### WORK TASK
The lines to extract run from the first line of the material below to the line containing "Momento en que", both included; leave the pictures behind.

### EXTRACTED ENTRIES

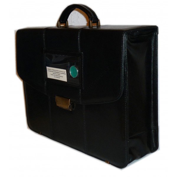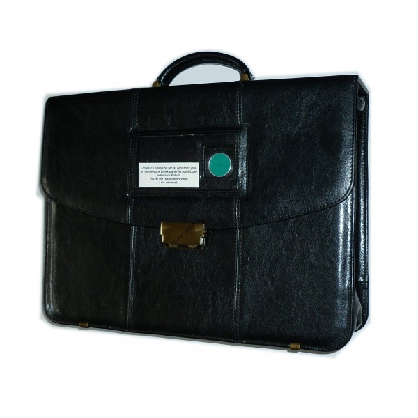 Bardzo elegancka skórzana teczka, wykonana zgodnie z Rozporządzeniem Prezesa Rady Ministrów z dnia 07.12.2011 roku w sprawie nadawania, przyjmowania, przewożenia, wydawania i ochrony materiałów zawierających informacje niejawne - Dz.U.2011.271.1603. Sztywne dno i boki. Przegroda zasuwana na suwak przystosowany do plombowania za pomocą referentki lub plomby jednorazowej typu...
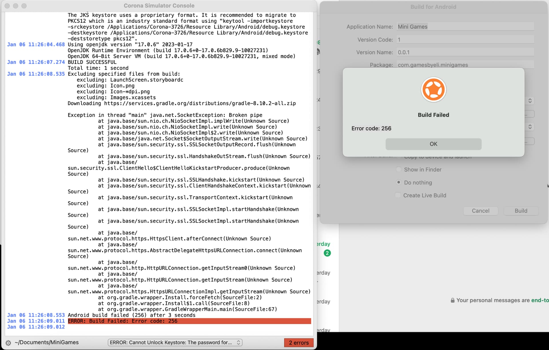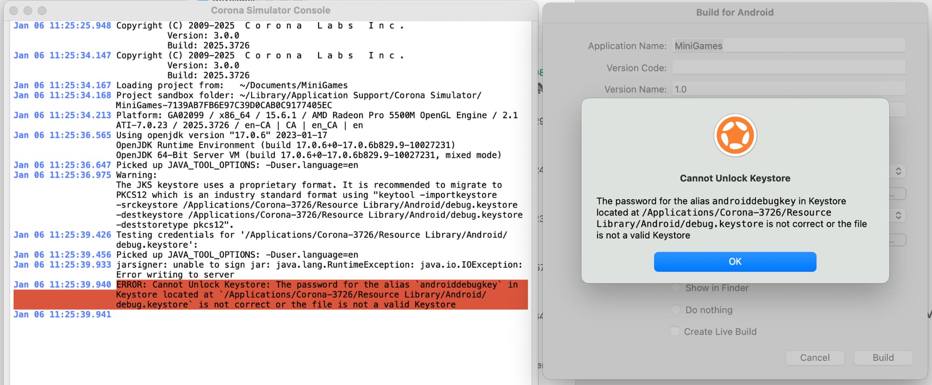 The password for the alias androiddebugkey in Keystore located at /Applications/Corona-3726/Resource Library/Android/debug.keystore is not correct or the file is not a valid Keystore
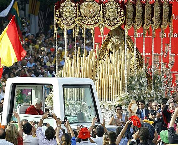 Momento en que S.S Benedicto XVI pasa ante la Virgen de Regla de La Hdad. de los Panaderos en JMJ de 2011
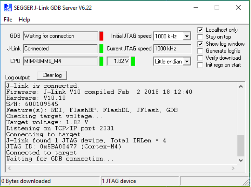$ JLinkGDBServer -if JTAG -device SEGGER J-Link GDB Server Command Line Version JLinkARM.dll Command line: -if JTAG -device MIMX8MM6\_M4 -----GDB Server start settings----- GDBInit file: none GDB Server Listening port: 2331 SWO raw output listening port: 2332 Terminal I/O port: 2333 Accept remote connection: yes < -- Skipping lines -- > Target connection timeout: 0 ms ------J-Link related settings------ J-Link Host interface: USB J-Link script: none J-Link settings file: none ------Target related settings------ Target device: Target interface: JTAG Target interface speed: 1000 kHz Target endian: little Connecting to J-Link... J-Link is connected. Firmware: J-Link V10 compiled Feb 2 2018 18:12:40 Hardware: V10.10 S/N: 600109545 Feature(s): RDI, FlashBP, FlashDL, JFlash, GDB Checking target voltage... Target voltage: 1.82 V Listening on TCP/IP port 2331 Connecting to target... J-Link found 1 JTAG device, Total IRLen = 4 JTAG ID: 0x5BA00477 \(Cortex-M4\) Connected to target Waiting for GDB connection...
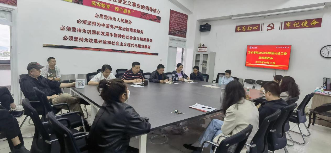 图1:艺术学院于2023年10月13日启动美术学、音乐学专业师范认证工作会议,会议由党总支副书记、院长韩兴同志主持,成立工作专班,明确师范认证工作职责要求,发挥党组织战斗堡垒作用,统一思想认识,完成基本工作构架,狠抓落实。党总支书记段群勇同志根据工作部署做了思想动员并提出了明确要求。
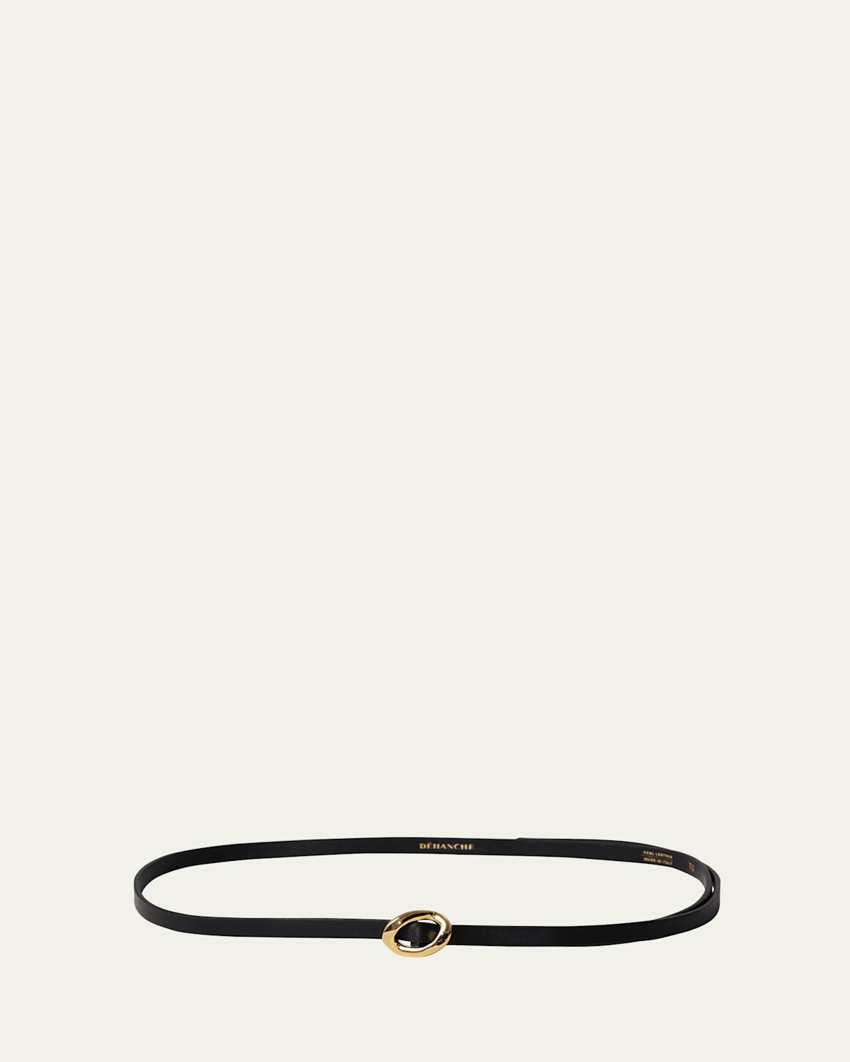 Dehanche "Orbite" skinny leather belt Approx. 0.8"W Goldtone buckle closure Cut to size Leather/zamak Spot clean Made in Italy
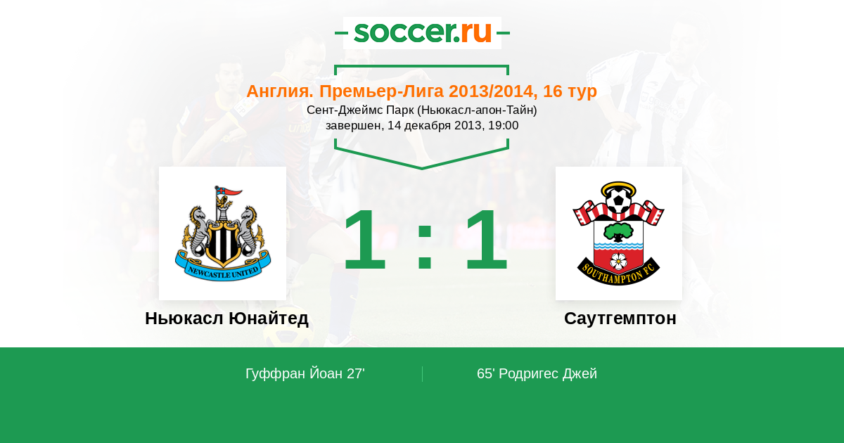 Протокол матча Ньюкасл Юнайтед против Саутгемптон
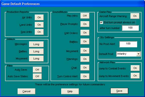 Setting the preferences for future commanders by selecting Help-New User Preferences in the main screen
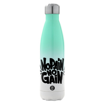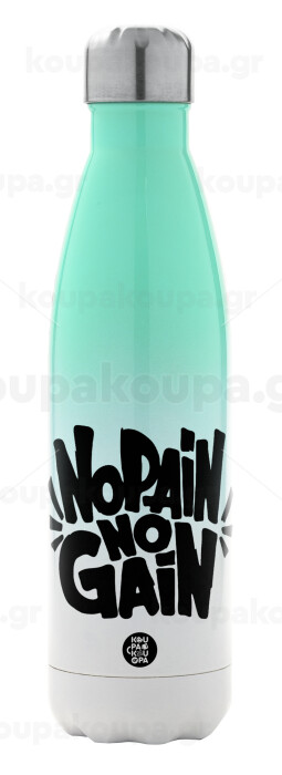 No pain no gain, Metal mug thermos Green/White (Stainless steel), double wall, 500ml
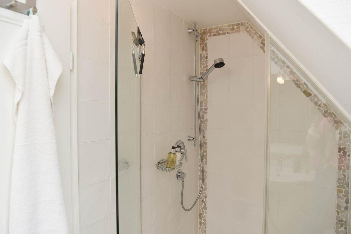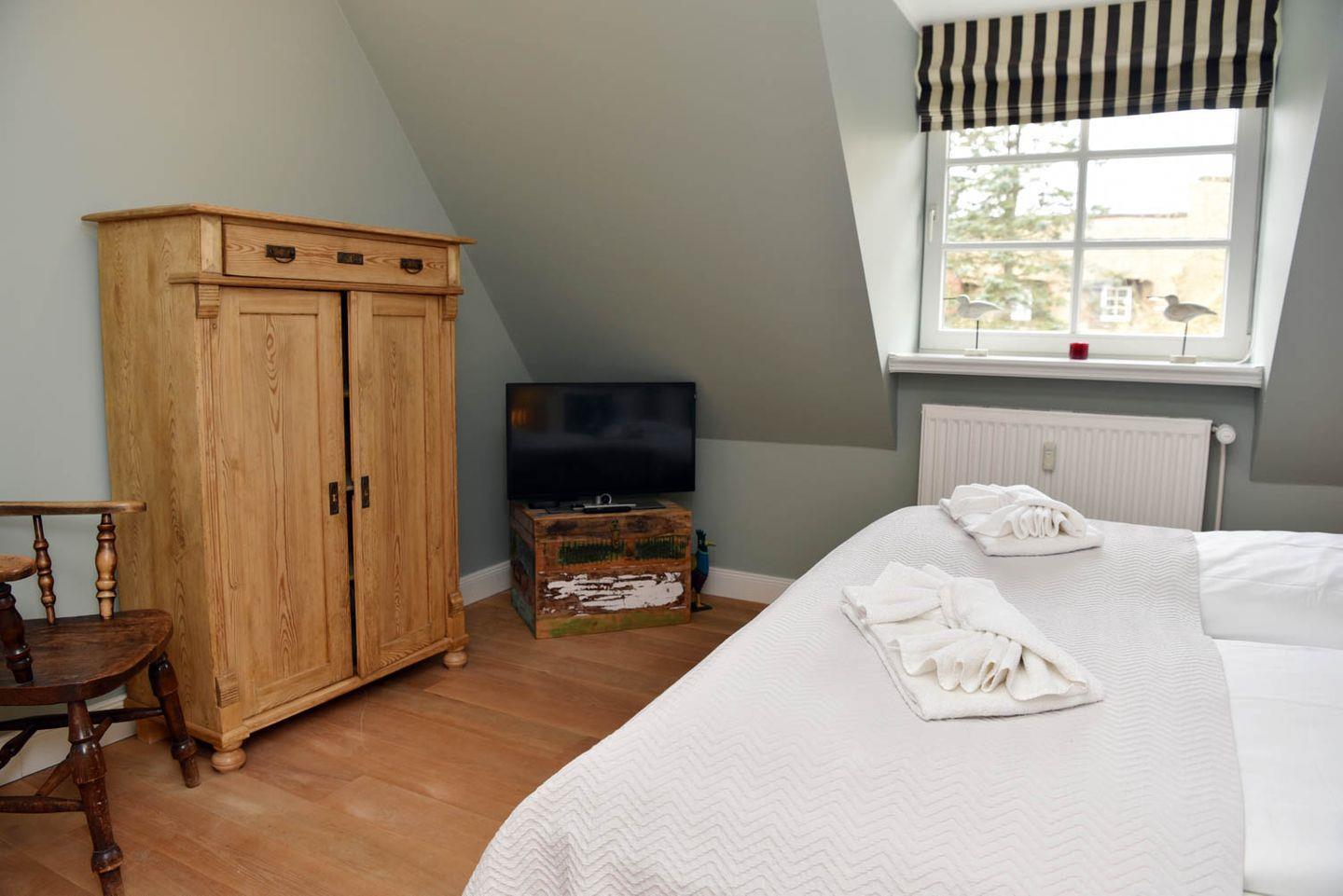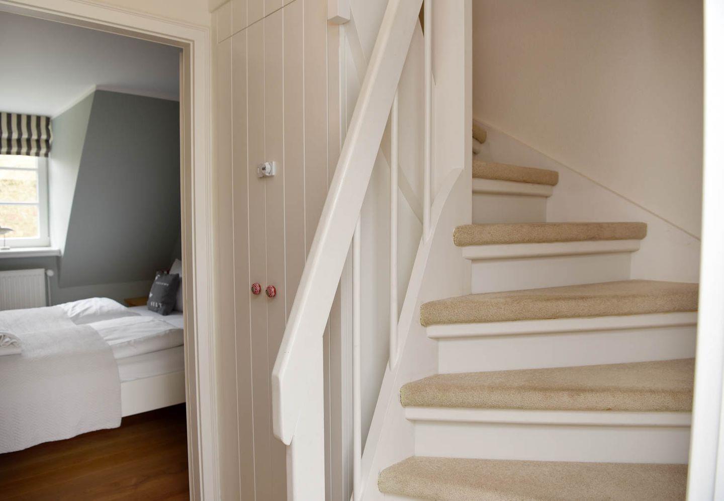 befindet sich im ausgebauten Spitzboden, den Sie über eine bequeme Holztreppe vom Flur aus erreichen.
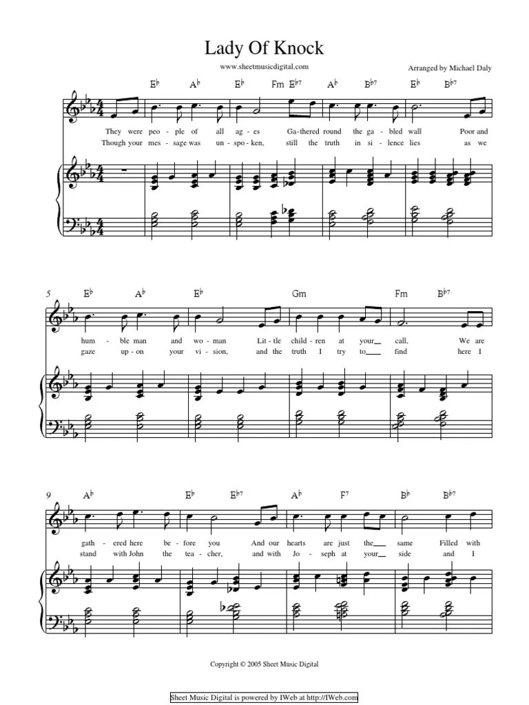 Lady Of Knock Sheet Music - Also recorded by irish singer james. Web lady of knock soprano and organ. Web lady of knock song lyrics, guitar chords, sheet music and tin whistle notes.written and recorded by dana. Lady of knock solfege sheet music notes by dana in g now added. & #44œ œ.œ œ œ œ œ œ œ œ ̇ œ œœ. Share, download and print free sheet music for piano, guitar, flute and. 2 parts • 4 pages • 03:32 • apr 13, 2017 • 4,686 views • 26 favorites.
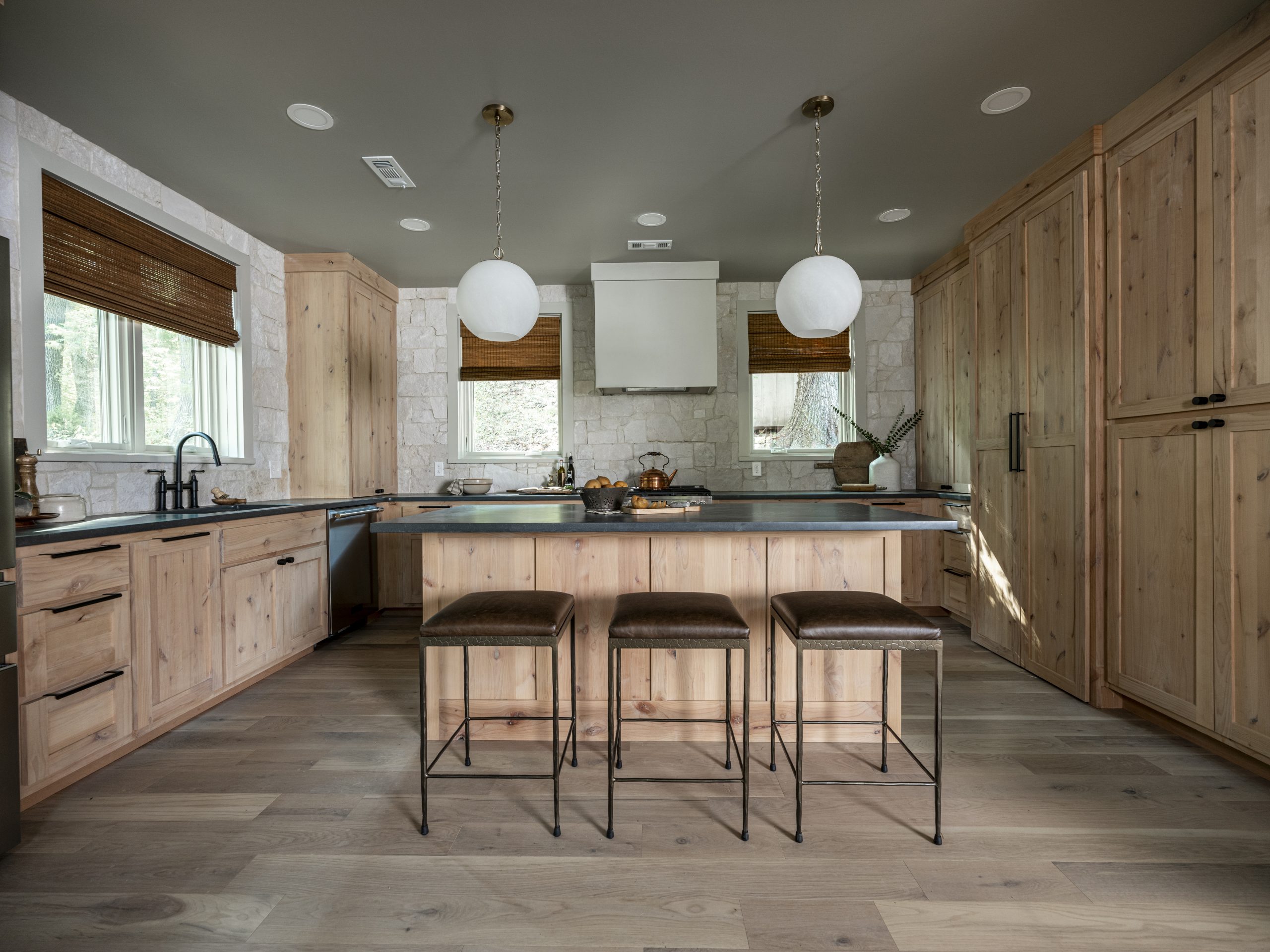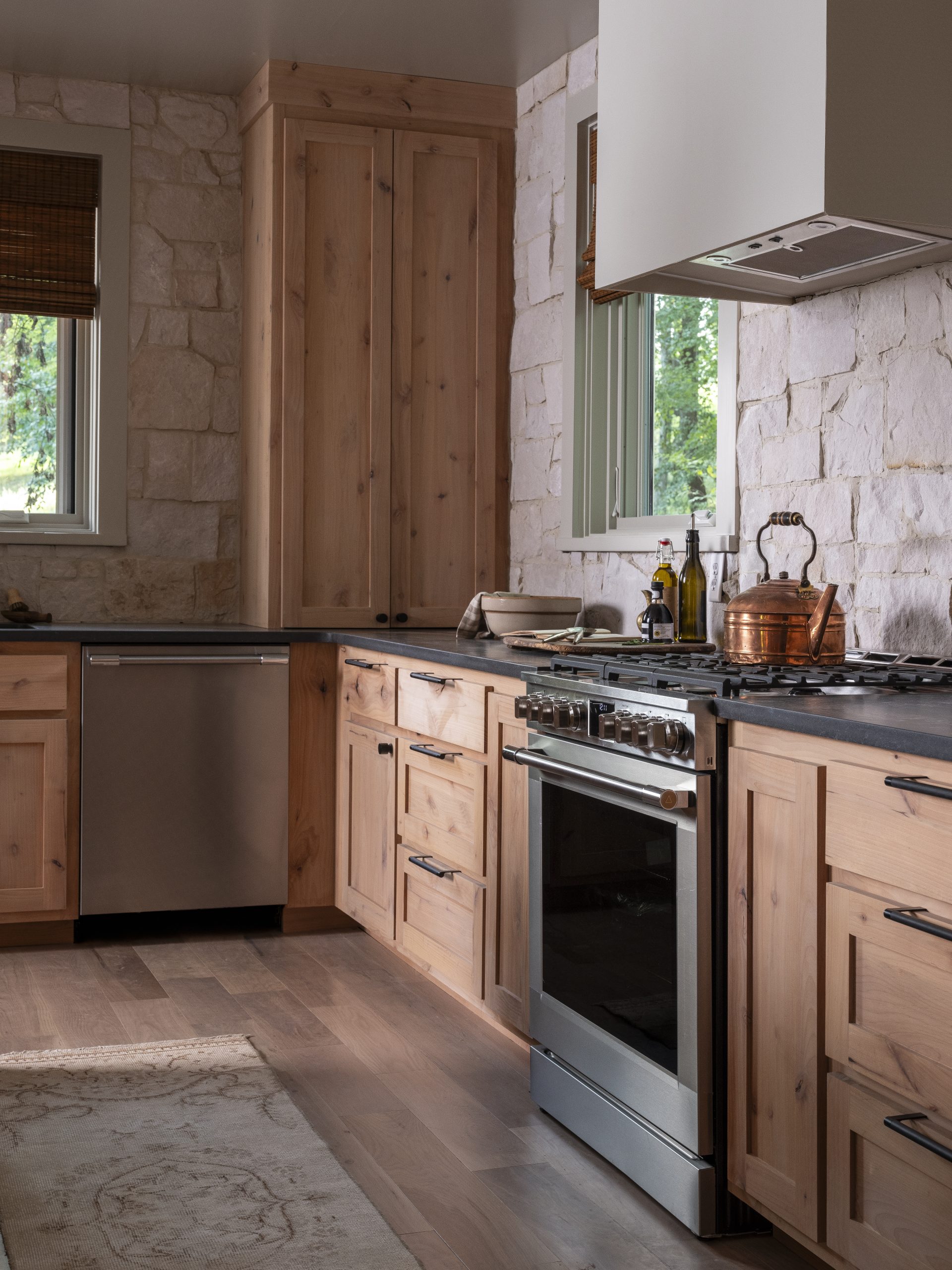 The main living area, which now includes the kitchen, dining room, and living room, was previously the bathroom, bedroom, and closet. The plan was to give Emily a kitchen with a lighter, more feminine touch while still honoring the rustic look Jeff wanted. We were able to achieve this with Alder wood cabinets that were the perfect cross between the two styles, paired with a real stone backsplash and beautiful stone countertops.

### RESULT OF THIS TASK
 Bardzo elegancka skórzana teczka, wykonana zgodnie z Rozporządzeniem Prezesa Rady Ministrów z dnia 07.12.2011 roku w sprawie nadawania, przyjmowania, przewożenia, wydawania i ochrony materiałów zawierających informacje niejawne - Dz.U.2011.271.1603. Sztywne dno i boki. Przegroda zasuwana na suwak przystosowany do plombowania za pomocą referentki lub plomby jednorazowej typu...
 The password for the alias androiddebugkey in Keystore located at /Applications/Corona-3726/Resource Library/Android/debug.keystore is not correct or the file is not a valid Keystore
 Momento en que S.S Benedicto XVI pasa ante la Virgen de Regla de La Hdad. de los Panaderos en JMJ de 2011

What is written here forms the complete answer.